2014-04-29	arm: use condition code registers for ARM ISA	Curtis Dunham
	Analogous to ee049bf (for x86). Requires a bump of the checkpoint version and corresponding upgrader code to move the condition code register values to the new register file.
2014-09-03	arm: ISA X31 destination register fix	Andrew Bardsley
	This patch substituted the zero register for X31 used as a destination register. This prevents false dependencies based on X31.
2014-09-03	cpu: fix bimodal predictor to use correct global history reg	Dam Sunwoo
	A small bug in the bimodal predictor caused significant degradation in performance on some benchmarks. This was caused by using the wrong globalHistoryReg during the update phase. This patches fixes the bug and brings the performance to normal level.
2014-09-03	arm: Mark v7 cbz instructions as direct branches	Mitch Hayenga
	v7 cbz/cbnz instructions were improperly marked as indirect branches.

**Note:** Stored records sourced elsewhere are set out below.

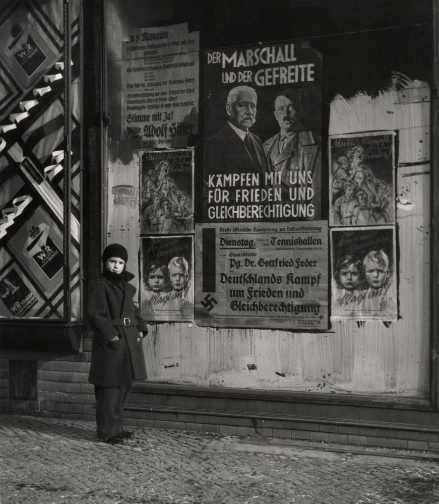But he must have sensed that the Fascists were moving in quickly, and in one photo of street life a swastika flag is seen above a store front. Nazism never marched into the city as it did in Vienna and Paris—it crept in. And Vishniac, alert to its pace, took photos that were more explicit than any he had taken before. He had his daughter, Mara, pose in front of an election poster for Hindenburg and Hitler that reads, “The Marshal and the Corporeal: Fight with Us for Peace and Equal Rights.” Lies were ever such.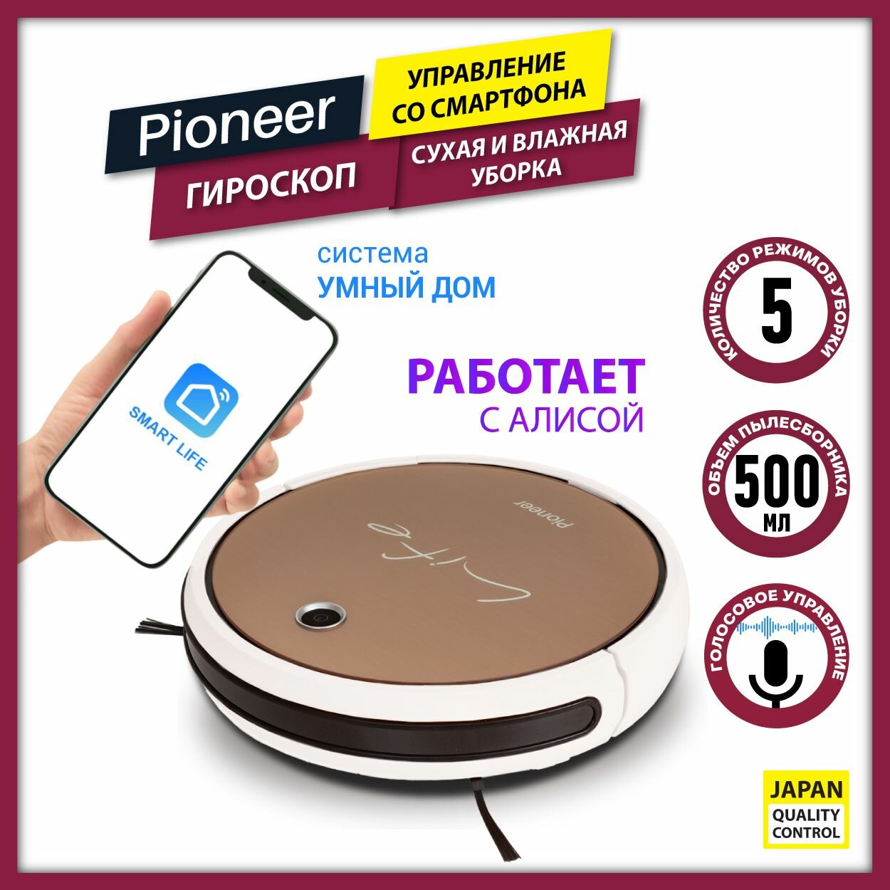 Робот-пылесос Pioneer 2 в 1, сухая и влажная уборка, 5 режимов, гироскоп, голосовой помощник, смартфон-управление Smart life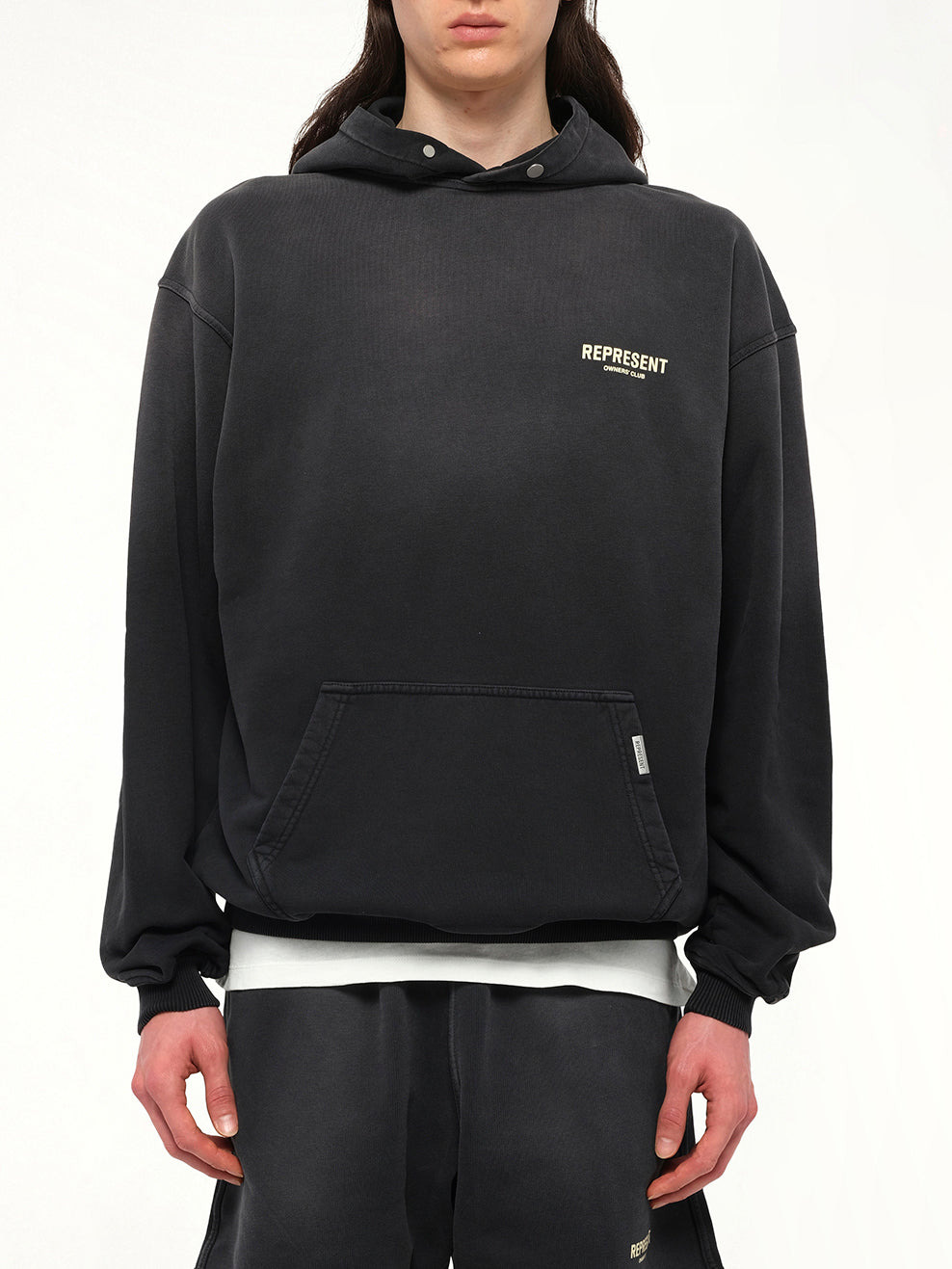 Represent's Represent Owners Club Hoodie in Aged Black is a stylish and comfortable addition to any wardrobe. This hoodie features a unique aged black finish, offering a vintage look with modern appeal. - Composition: 100% Cotton - Classic pullover design - Adjustable drawstring hood - Kangaroo front pocket - Ribbed cuffs and hem - Embroidered Represent Owners Club logo - Made in - Model is 187 cm and wears size M SKU: OCM41113 0330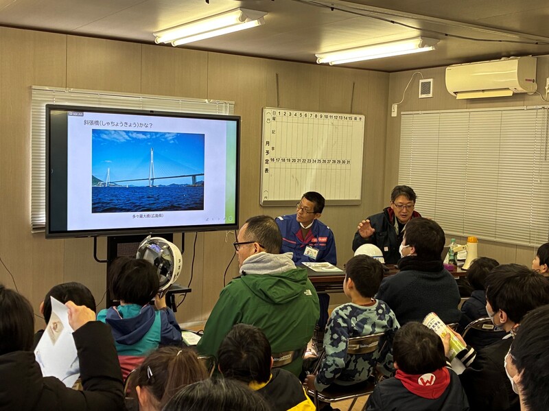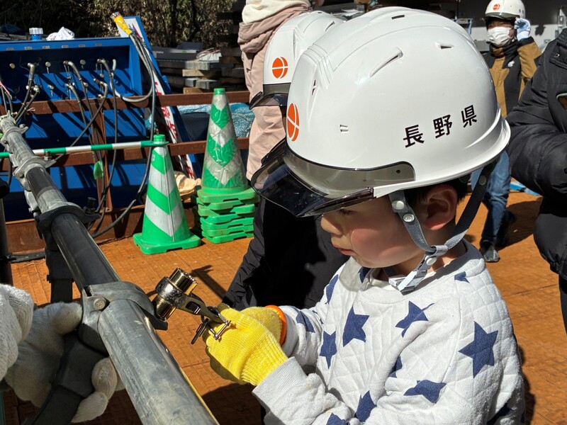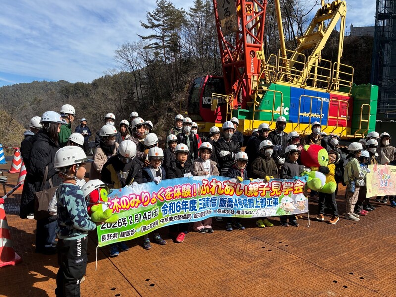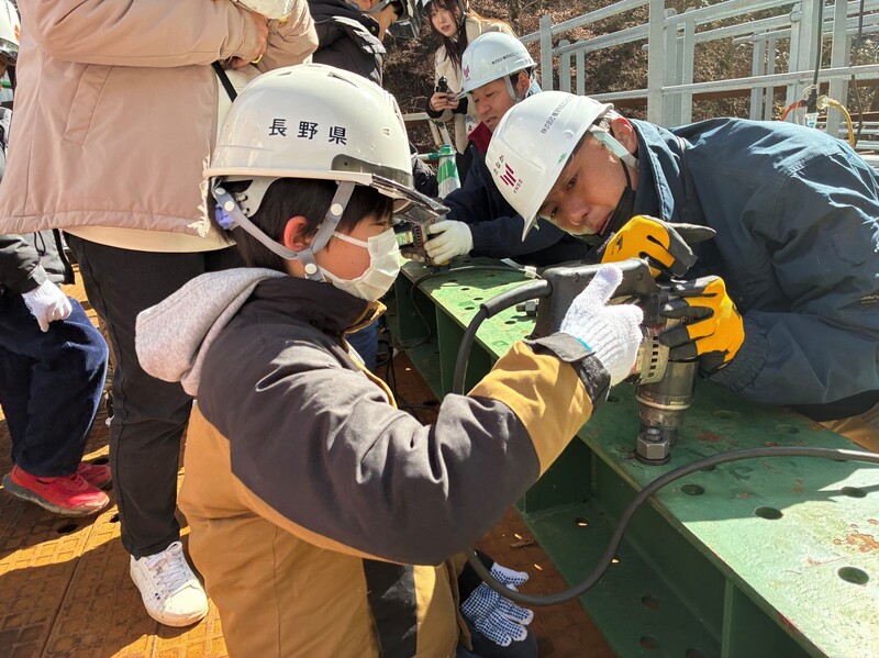 | 担い手確保のために毎年実施されている長野県主催の「ふれあい親子見学会」に協力しました。最初は室内で橋の作り方をパワーポイントで説明しました。その後現場に向い、下から橋梁を見学し、ボルト締め付け体験とクランプ取り付け体験を行いました。児童からは記念に体験で使用した高力ボルトをもらえて嬉しかったと好評でした。 |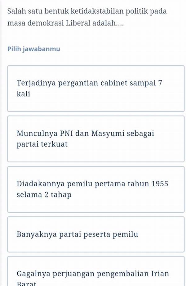 Salah satu bentuk ketidakstabilan politik pada masa demokrasi liberal adalah fenomena yang tidak bisa diabaikan. Pada masa itu, Indonesia mengalami masa-masa penuh gejolak namun juga berkembang dalam hal pemikiran dan wacana politik. Bagi Anda yang tertarik pada politik dan sejarah, penting kiranya untuk menggali lebih dalam peristiwa-peristiwa apa saja yang terjadi dan bagaimana kejadian itu membentuk wajah politik Indonesia modern. Kami menyajikan berbagai cara, dari sejarah partai politik, wawancara dengan sejarawan, hingga analisis kebijakan, untuk membantu kalian melihat lebih jauh dan lebih dalam tentang periode ini.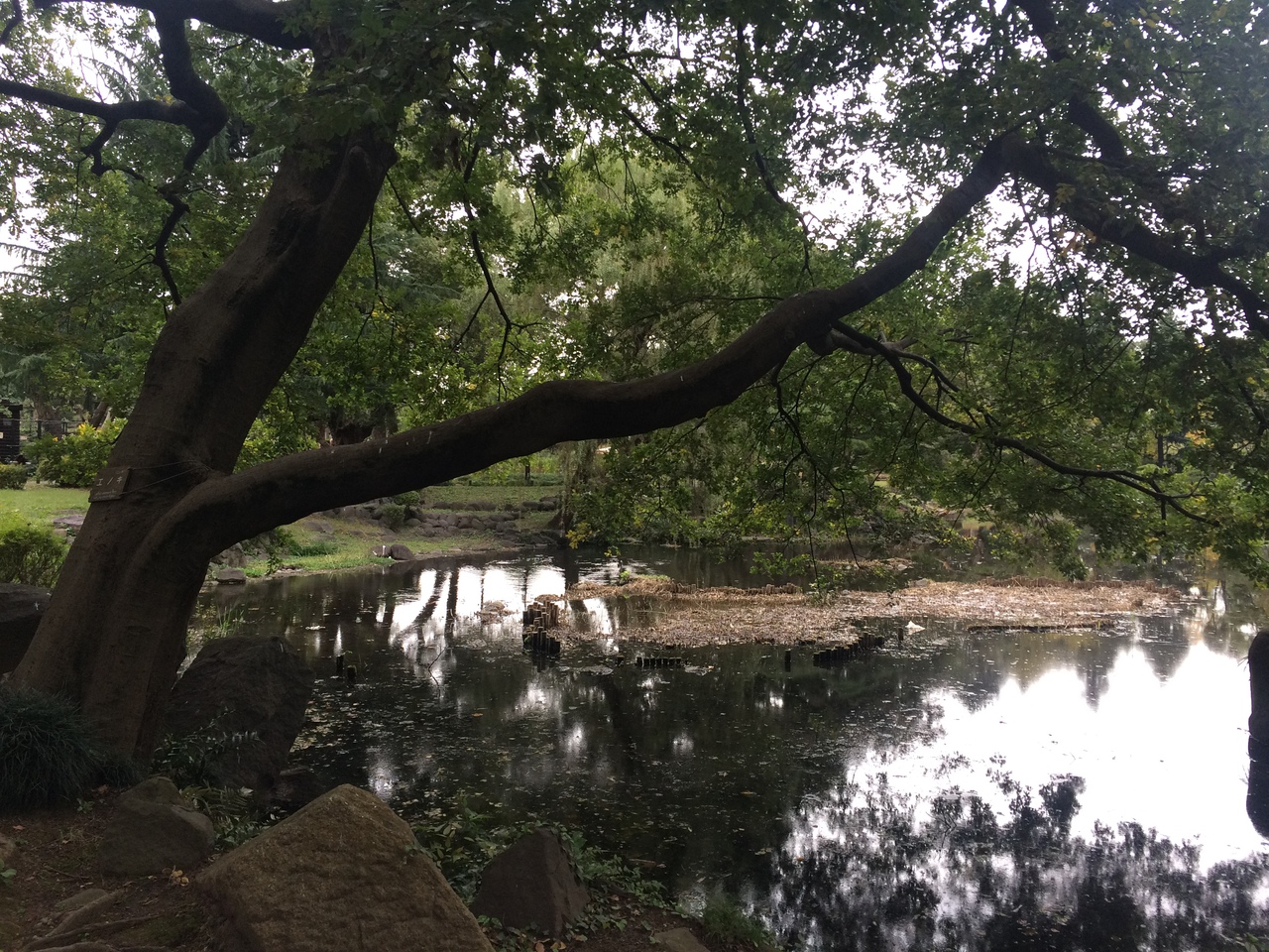 有楽門から直ぐ左側にある結構広い池で日比谷門の手前まである大きな池です。木々や石の配置が心を和ませ、東屋もあるので座ってゆっくり休むことが出来ます。日比谷通り側に石垣があり、階段を数段上り、石垣の上からだと池全体を見渡せベンチもあります。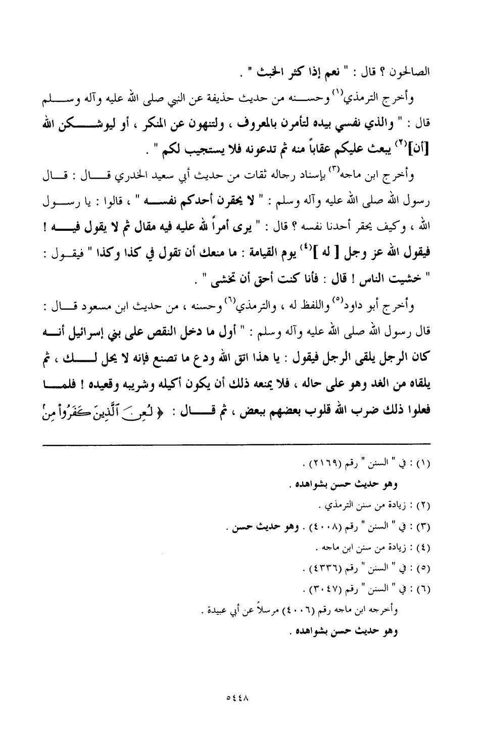 وأخرج أبو داود (¬5) واللفظ له، والترمذي (¬6) وحسنه، من حديث ابن مسعود قال: قال رسول الله صَلَّى اللهُ عَلَيْهِ وَآلِهِ وَسَلَّمَ: " أول ما دخل النقص على بني إسرائيل أنه كان الرجل يلقى الرجل فيقول: يا هذا اتق الله ودع ما تصنع فإنه لا يحل لك، ثم يلقاه من الغد وهو على حاله، فلا يمنعه ذلك أن يكون أكيله وشريبه وقعيده! فلما فعلوا ذلك ضرب الله قلوب بعضهم ببعض، ثم قال: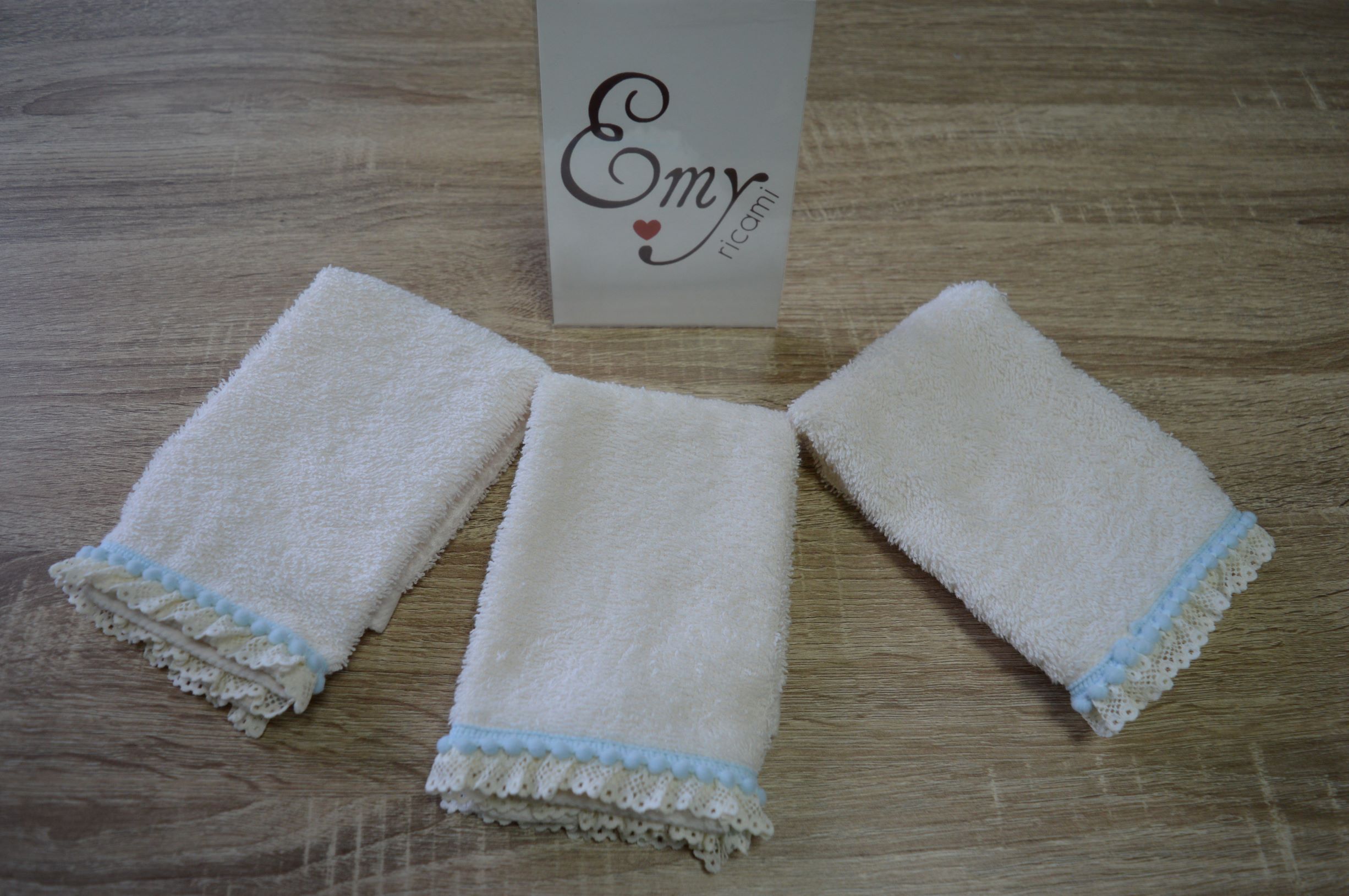 SET 3 PZ LAVETTE MIS 30X30 IN SPUGNA DI PURO COTONE 100% 500 GR AL MQ RIFINITO CON PIZZO AVORIO E CELESTE LAVETTA COLORE AVORIO POSSIBILE SU RICHIESTA FORNITURE X BOMBONIERE ECC..

2014-09-03	cpu: Fix cache blocked load behavior in o3 cpu	Mitch Hayenga
	This patch fixes the load blocked/replay mechanism in the o3 cpu. Rather than flushing the entire pipeline, this patch replays loads once the cache becomes unblocked. Additionally, deferred memory instructions (loads which had conflicting stores), when replayed would not respect the number of functional units (only respected issue width). This patch also corrects that. Improvements over 20% have been observed on a microbenchmark designed to exercise this behavior.
2014-09-03	cpu: Fix o3 quiesce fetch bug	Mitch Hayenga
	O3 is supposed to stop fetching instructions once a quiesce is encountered. However due to a bug, it would continue fetching instructions from the current fetch buffer. This is because of a break statment that only broke out of the first of 2 nested loops. It should have broken out of both.
2014-09-03	cpu: Fix SMT scheduling issue with the O3 cpu	Mitch Hayenga
	The o3 cpu could attempt to schedule inactive threads under round-robin SMT mode. This is because it maintained an independent priority list of threads from the active thread list. This priority list could be come stale once threads were inactive, leading to the cpu trying to fetch/commit from inactive threads. Additionally the fetch queue is now forcibly flushed of instrctuctions from the de-scheduled thread. Relevant output: 24557000: system.cpu: [tid:1]: Calling deactivate thread. 24557000: system.cpu: [tid:1]: Removing from active threads list 24557500: system.cpu: FullO3CPU: Ticking main, FullO3CPU. 24557500: system.cpu.fetch: Running stage. 24557500: system.cpu.fetch: Attempting to fetch from [tid:1]
2014-09-03	cpu: Fix incorrect speculative branch predictor behavior	Mitch Hayenga
	When a branch mispredicted gem5 would squash all history after and including the mispredicted branch. However, the mispredicted branch is still speculative and its history is required to rollback state if another, older, branch mispredicts. This leads to things like RAS corruption.
2014-09-03	cpu: Add a fetch queue to the o3 cpu	Mitch Hayenga
	This patch adds a fetch queue that sits between fetch and decode to the o3 cpu. This effectively decouples fetch from decode stalls allowing it to be more aggressive, running futher ahead in the instruction stream.
2014-09-03	cpu: Fix o3 front-end pipeline interlock behavior	Mitch Hayenga
	The o3 pipeline interlock/stall logic is incorrect. o3 unnecessicarily stalled fetch and decode due to later stages in the pipeline. In general, a stage should usually only consider if it is stalled by the adjacent, downstream stage. Forcing stalls due to later stages creates and results in bubbles in the pipeline. Additionally, o3 stalled the entire frontend (fetch, decode, rename) on a branch mispredict while the ROB is being serially walked to update the RAT (robSquashing). Only should have stalled at rename.